A plugged-in reader spent the night outside the Department of Building Inspection in order to be the very first person in line to apply for San Francisco’s Condo Lottery Bypass program when it went into effect back in 2013.

Having paid his fee, skipped the lottery, and since converted from a TICs, the reader’s unit at 150 Pixley, which was 33 percent of the whole, is now on the market as a condominium and listed for $1,198,000, with two bedrooms, one bath, and leased parking down the street.

The two-bedroom unit above, which was 36 percent of the whole, sold for $849,000 in 2006 when the building first hit the market as three remodeled TICs, each with marble baths, granite counters, and Viking stoves.

The condo conversion lottery is currently slated to resume in 2024, at the earliest.

6 thoughts on “Condo Lottery Bypass In Action”
  1. Well, artificial scarcity benefits both homeowners and rent controlled tenants.
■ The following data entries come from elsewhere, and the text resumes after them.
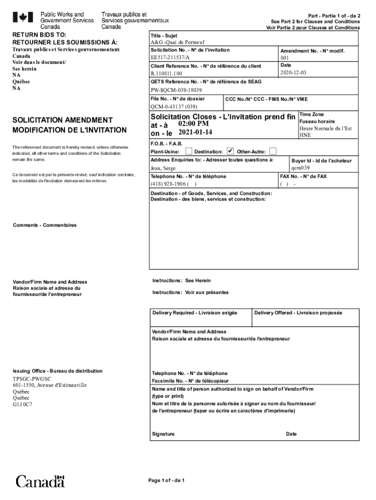 RETURN BIDS TO: RETURNER LES COMMISSIONS : Travail public set Services gouvernementaux Canada Void days LE document/ See herein NA Quebec Apart Parties 1 of DE 2 See Part 2 for Clauses and Conditions
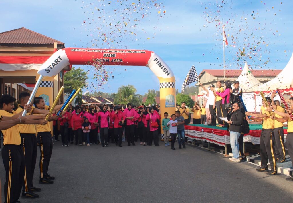 Sambut HUT Bhayangkara Ke 79, Polres Aceh Jaya Gelar Fun Walk
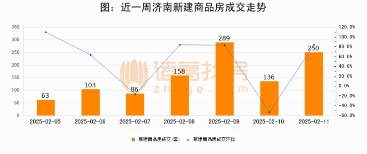 根据济南市住房和城乡建设局数据显示,2025年02月11日济南新建商品房成交250套,较昨日增加114套,环比上涨83.8%
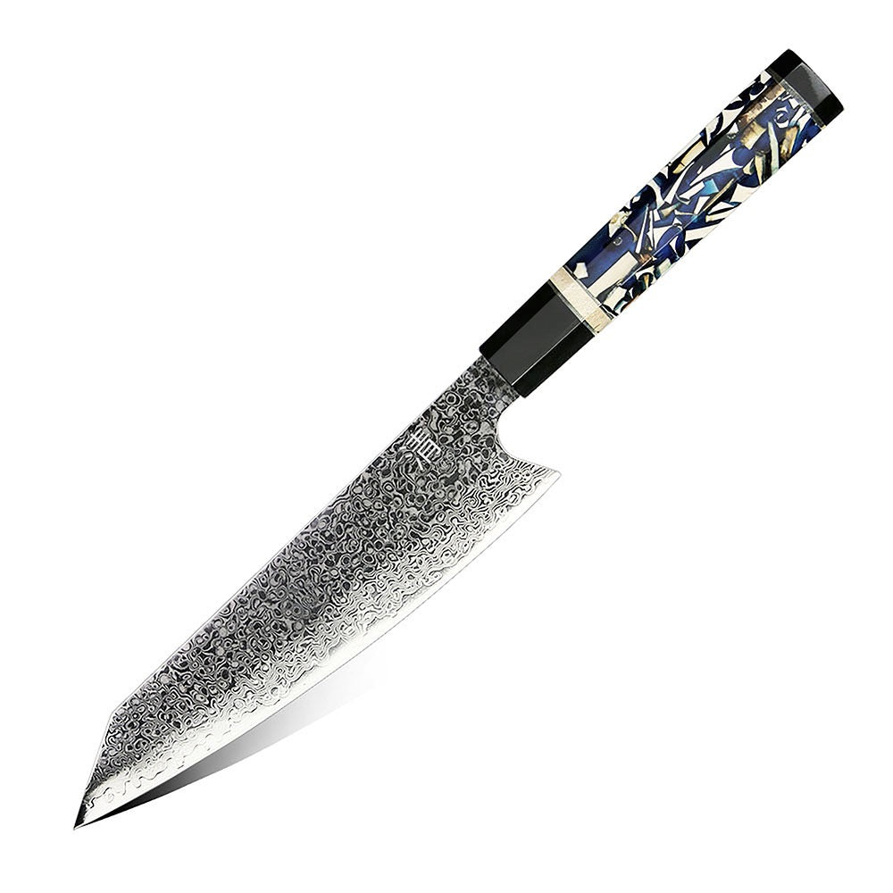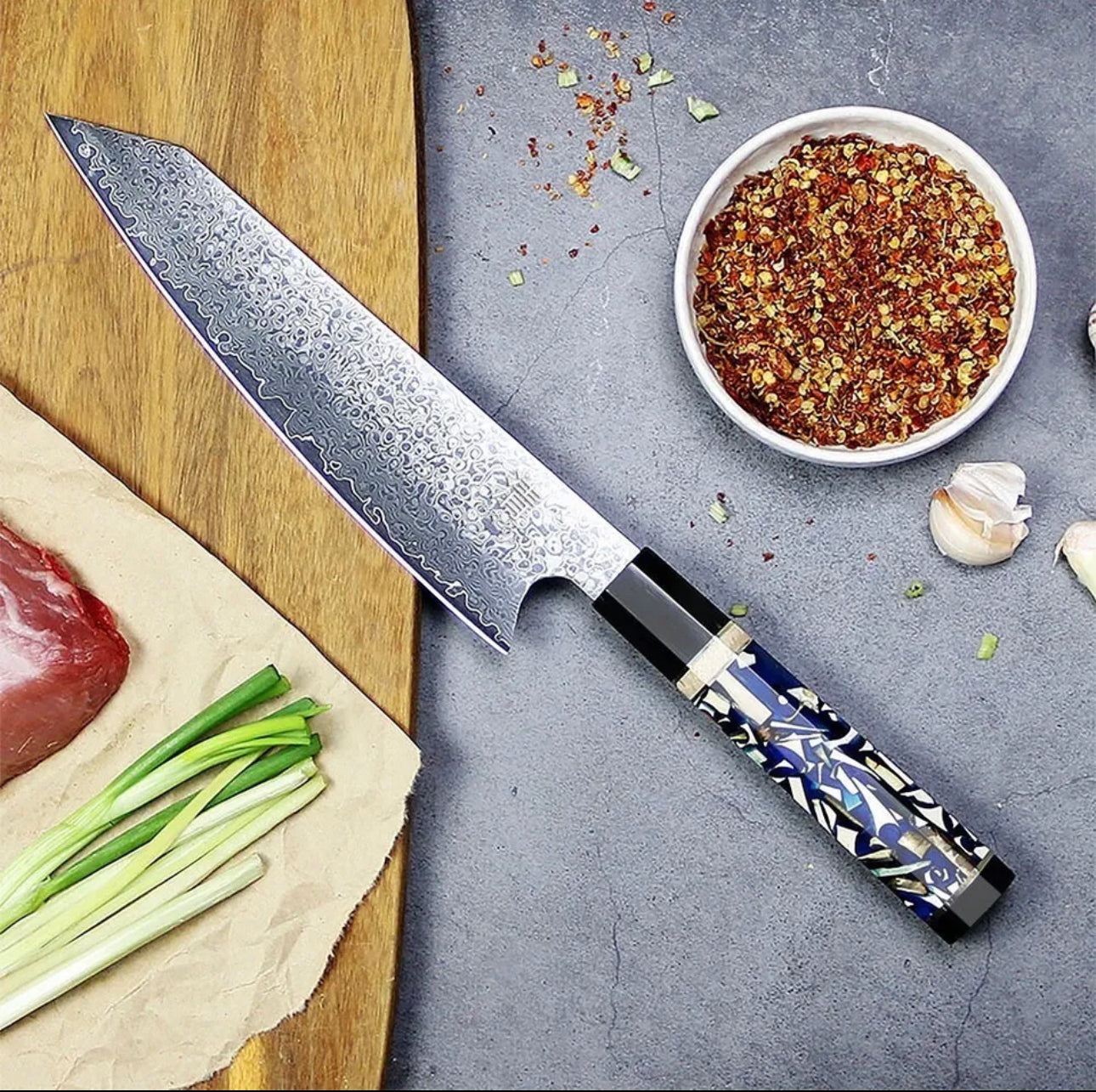 8” Kiritsuke Damascus Chef Knife With Unique Wooden Handle

Everyone else belongs to a politically unimportant minority.

  2. It will certainly be interesting to see what, if any, effects the condo conversion moratorium will have on the market. How many units are actually making it through the process? From what I saw on the applications they posted to the DPW site it seems like quite a lot less than the projected numbers. So given the now about to get much bigger pool of TIC groups out there, how does that change the market for fractional financing? How big will the backlog be come 2024?

    The doomsday scenario here for the radical left is that the moratorium causes the TIC market to mature so thoroughly that the financing penalty and value gap between condos and TICs dwindle even further. Which, in turn, could place greater than ever Ellis pressure on existing rentals and especially on larger buildings that couldn’t ever convert anyway. That kind of scenario certainly starts to explain why the supes are trying harder than ever to legislate massive payouts as a counter-balance.

  3. How is SF TIC different from NYC co-op? I heard that NYC co-op is selling well. Is it possible for TIC to become a mainstream ownership and makes condo conversion a non-issue?